Getting Away with Murder: Syunik Governor Re-Appointed

President Serzh Sarkisian with the Syunik governor Suren Khachatryan


Armenia Takes One Step Forward and Two Steps Back
YEREVAN—The former governor of the Syunik Province, Suren Khachatryan, who resigned last year for his alleged involvement in a murder, was reappointed to the post again, garnering the well-wishes and congratulations of Armenia’s self-proclaimed reformist prime minister, Hovik Abrahamian.

The incident that forced Khachatryan, who is known as “Liska,”—his nome d’oligarchie– to resign in June 2013 was the murder of Goris mayoral candidate Avetik Budaghyan, which took place near Khachatryan’s sprawling mansion in the region. During the shooting incident, Budaghyan’s brother, Artak, a colonel in the Armenian Army and another man, Nikolay Abrahamyan were wounded.

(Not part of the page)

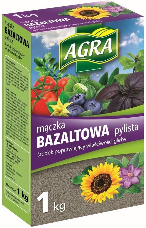 MĄCZKA BAZALTOWA AGRA 1 KG uzupełnia niedobory składników pokarmowych w glebie, poprawia właściwości fizyko-chemiczne gleby, brak ryzyka przenawożenia, naturalny polepszacz gleby, długotrwałe działanie. Mączka bazaltowa to mineralny środek poprawiający właściwości gleby. Jest ona naturalnym produktem wspomagającym wzrost roślin poprzez polepszenie właściwości fizykochemicznych gleby. Środek można stosować w uprawie roślin warzywnych i sadowniczych wszystkich gatunków roślin. Polecany jest szczególnie na gleby lekkie lub zbyt zwięzłe o zbyt niskim odczynie. OPAKOWANIE: 1kg AGRA MĄCZKA BAZALTOWA PYLISTA - 1 KG uzupełnia niedobory składników pokarmowych w glebie, poprawia właściwości fizyko-chemiczne gleby, brak ryzyka przenawożenia, naturalny polepszacz gleby, długotrwałe działanie. Mączka bazaltowa to mineralny środek poprawiający właściwości gleby. Jest ona naturalnym produktem wspomagającym wzrost roślin poprzez polepszenie właściwości fizykochemicznych gleby. Środek można stosować w uprawie roślin warzywnych i sadowniczych wszystkich gatunków roślin. Polecany jest szczególnie na gleby lekkie lub zbyt zwięzłe o zbyt niskim odczynie. OPAKOWANIE: karton 1 kg

The governor’s close proximity to the incident, for which he was under investigation briefly, forced his resignation. Subsequently, his son, Tigran Khachatryan and his bodyguard, Zarzand Nikoghosyan, were arrested and charged with murder and possession of illegal weapons.

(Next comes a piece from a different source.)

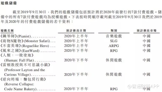 而在游戏储备方面,心动公司表示,截至2019年9月30日,游戏储备包括预计将于2020年之前发行的11款网络游戏及7款付费游戏。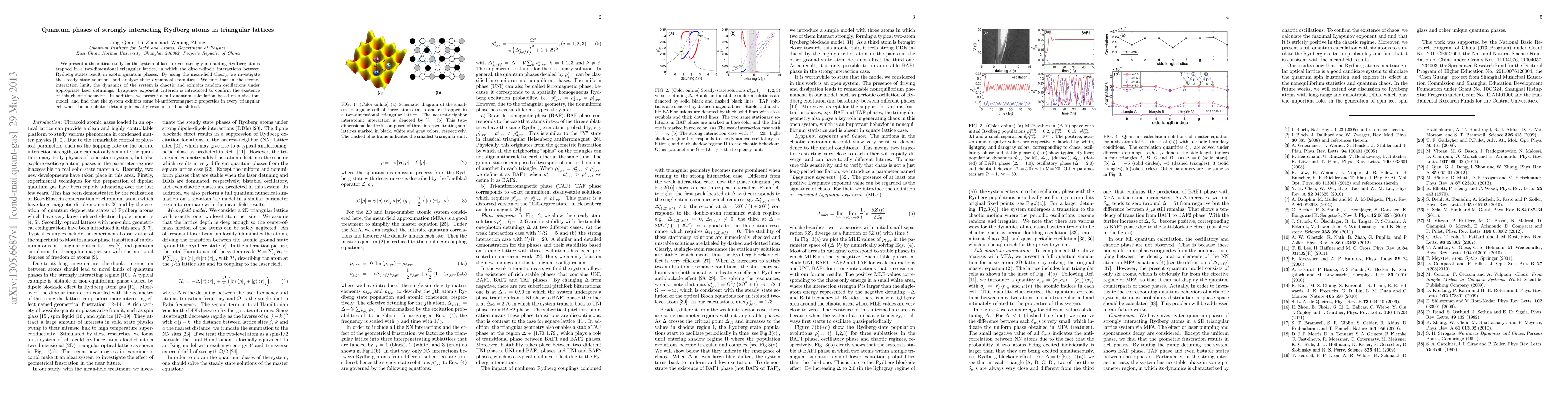 This paper investigates the quantum phases of strongly interacting Rydberg atoms in a triangular lattice, revealing chaotic dynamics and random oscillations under specific laser conditions. The study combines mean-field theory and quantum calculations to uncover bi-antiferromagnetic properties in the system.

As is the case with most criminal proceedings in Armenia that involve oligarchs, the investigation was suspended that the two were set free and cleared of all charges. Law enforcement claimed that the suspects were acting in “self-defense” saying that Budaghyan was allegedly attacking the Khachatryan residence.

However, the Budaghyan family disputes the account, saying that before the shootout, the senior Khachatryan attacked Budaghyan in his car, over business dealings.

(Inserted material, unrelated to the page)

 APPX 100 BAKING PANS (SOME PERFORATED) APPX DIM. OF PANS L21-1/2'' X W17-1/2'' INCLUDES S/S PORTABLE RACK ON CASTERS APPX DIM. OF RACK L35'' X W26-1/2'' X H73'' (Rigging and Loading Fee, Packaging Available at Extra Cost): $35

News of Khachatryan’s reappointment came one day after President Serzh Sarkisian, who approves and sanctions gubernatorial appointments, gave a positive speech at the United Nations General Assembly, calling out Turkey and Azerbaijan for their disruptive policies in the region and hinted at the possibility recalling the dangerous Turkey-Armenia Protocols.

However, the country’s president must not deal with domestic woes differently than its foreign ones. The outcry following the murder In June 2013, and subsequent dismissal of the case, should have sent a clear signal that Khachatryan has no business in government, much less governing the region that borders the Nagorno-Karabakh Republic and Azerbaijan.

If Sarkisian is using the international arena to call for justice in the region, he should exercise the same notion when reappointing his corrupt friends who have been implicate in a murder to such an important position.